Partner der Unternehmen

Im Zusammenhang mit COVID-19 haben wir uns einmal mehr als Partnerder Unternehmen bewährt.

DI Mario Watz, AUVA-Obmann. © Daniela Beranek

So erfreulich die vor Kurzem veröffentlichte Arbeitsunfallstatistik 2019 ist – die Unfallrate bleibt auf Rekordtief und ist im Vergleich zum Vorjahr sogar noch gesunken – von der „Vision Zero“ einer unfallfreien Arbeitswelt sind wir noch weit entfernt.
Umso mehr braucht es die AUVA, die mit ihren zahlreichen Präventionsmaßnahmen dazu beigetragen hat, dass sich die Zahl der Arbeitsunfälle seit den 1990er-Jahren fast halbiert hat.

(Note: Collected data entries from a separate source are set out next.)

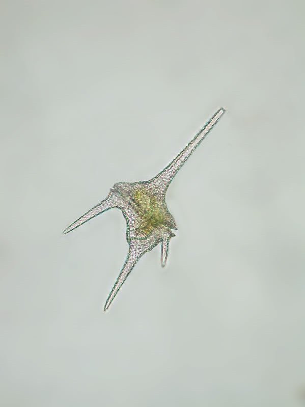 Dann gab es auffallend viele leblose Hüllen des Dinoflagellaten Ceratium hirundinella ( ~200µm)
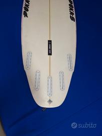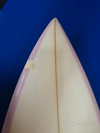 surfboard Pukas the Rush 5’10 x 19.75 x 2.40 x 29.51L scassi per pinne Futures . in buone condizioni . piccola riparazione vicino alla punta .
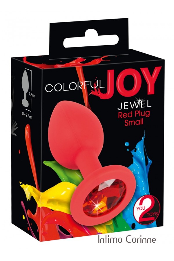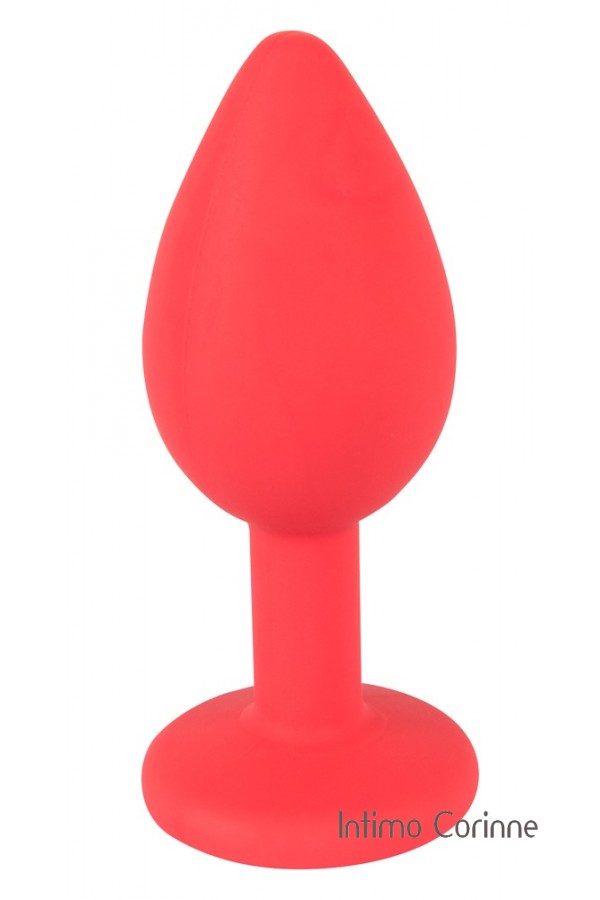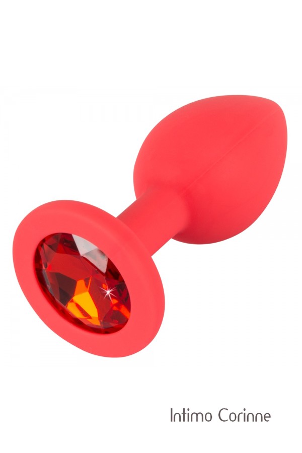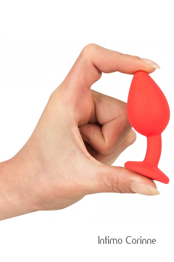 Plug realizzato in silicone color rosso acceso, soffice al tatto e molto flessibile, adornato alla base da un lucente zircone acrilico rosso. Lunghezza totale 7,2 cm, Ø 0,9-2,7 cm. Materiale: silicone con rivestimento in PU, privo di ftalati secondo il Regolamento UE REACH.
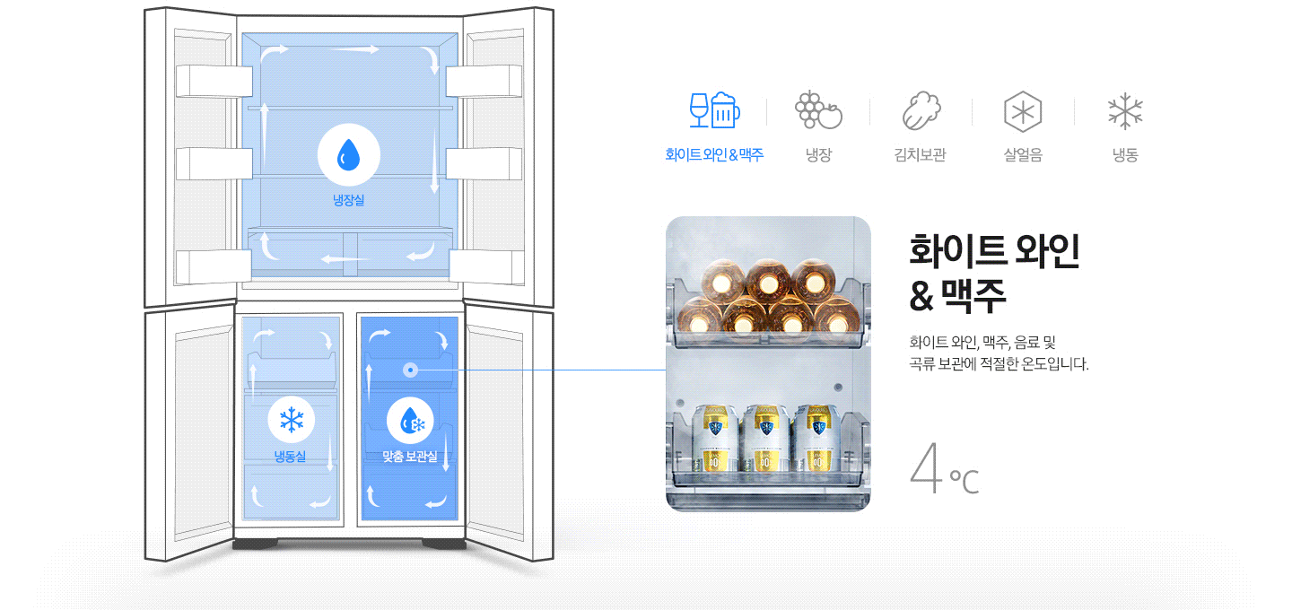 - 삼성의 Twin Cooling Plus™ 기술: 삼성전자 BESPOKE 냉장고 4도어는 냉장실과 냉동실의 온도와 습도를 따로 관리해 식재료의 신선도를 최대한 유지합니다.
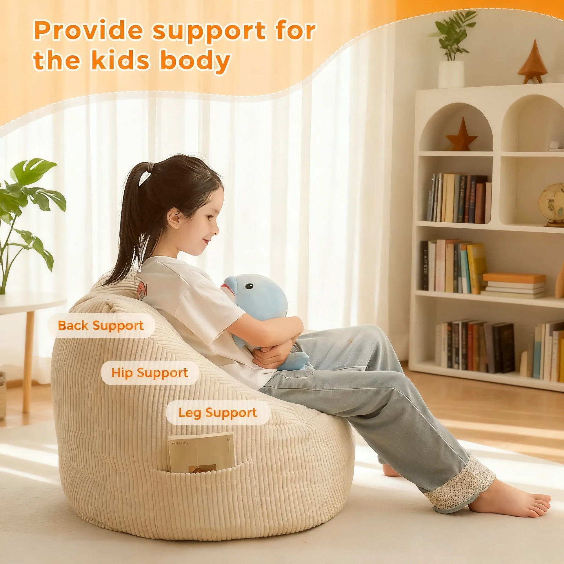 Cozy Corduroy Kids Bean Bag Chair with Supportive Design
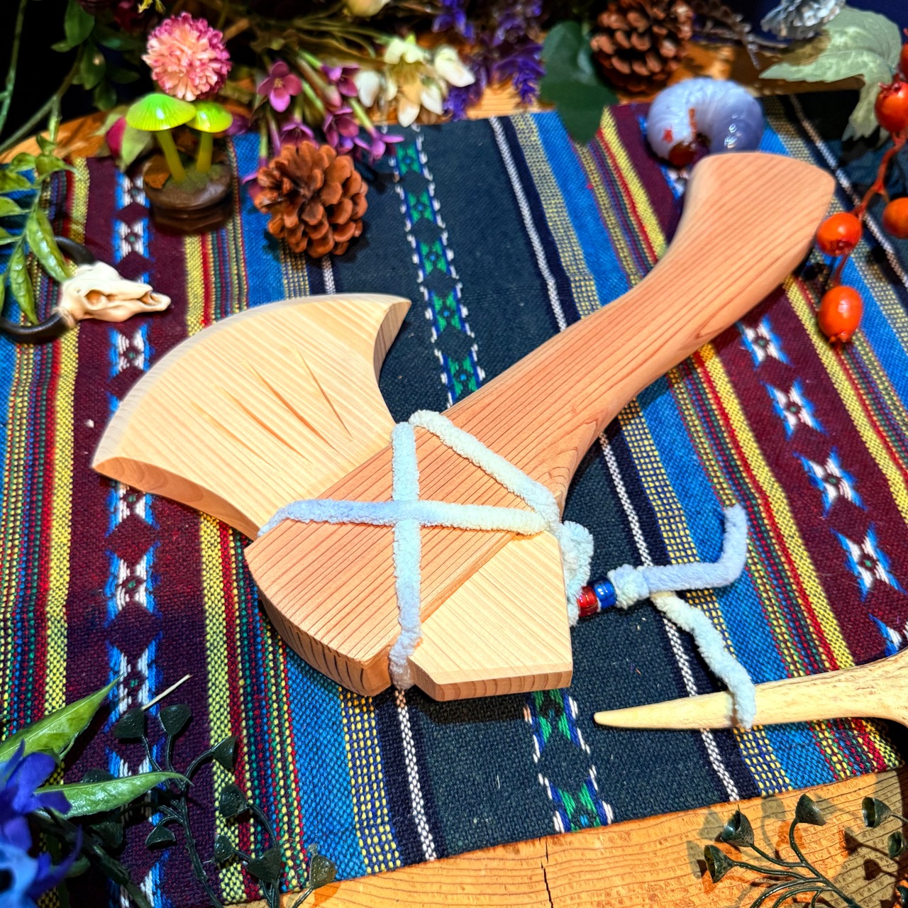 斧には3本と4本の溝を加工しております、その意味は『身(三)に降りかかる災いを避(四)けると言う山師達の願掛けや、四元素、太陽、水、土、そして空気の存在を示していて斧の名を「よき」と呼ぶ由来にもなっているそうです。simanto工房ならではのこだわりの一品です。台とセットもありますので、インテリアとしても使えます。

Die große Stärke der AUVA besteht darin, dass sie die Aufgaben einer sozialen Unfallversicherung aus einer Hand wahrnimmt: umfassende Prävention von Arbeitsunfällen und Berufskrankheiten, bestmögliche Betreuung in eigenen Einrichtungen und finanzielle Entschädigung.
Dieser Verantwortung sind wir auch während der Corona-Pandemie gerecht geworden. So wurde in enger Abstimmung mit den Krankenhausträgern der Länder die Rolle als Betreiber spezialisierter Unfallspitäler verstärkt wahrgenommen, um die allgemeinen Spitäler zu entlasten und so alle Kräfte für die Krisenbewältigung zu bündeln.

Im Zusammenhang mit COVID-19 haben wir uns einmal mehr als Partner der Unternehmen bewährt. So gab es von Beginn an umfassende Arbeitnehmerschutz-Informationen, wobei neue Maßnahmen der Behörden nach ihrer Verlautbarung laufend eingearbeitet wurden. Außerdem haben wir Mund-Nasen-Schutzmasken produzieren lassen und damit nicht nur unsere eigenen Mitarbeiterinnen und Mitarbeiter, sondern auch Tausende Unternehmen versorgt.

Bei der Auswahl des Herstellers haben wir bewusst auf ein österreichisches Unternehmen gesetzt: Es ging auch darum, regionale Betriebe zu unterstützen und zur Stärkung der heimischen Wirtschaft beizutragen.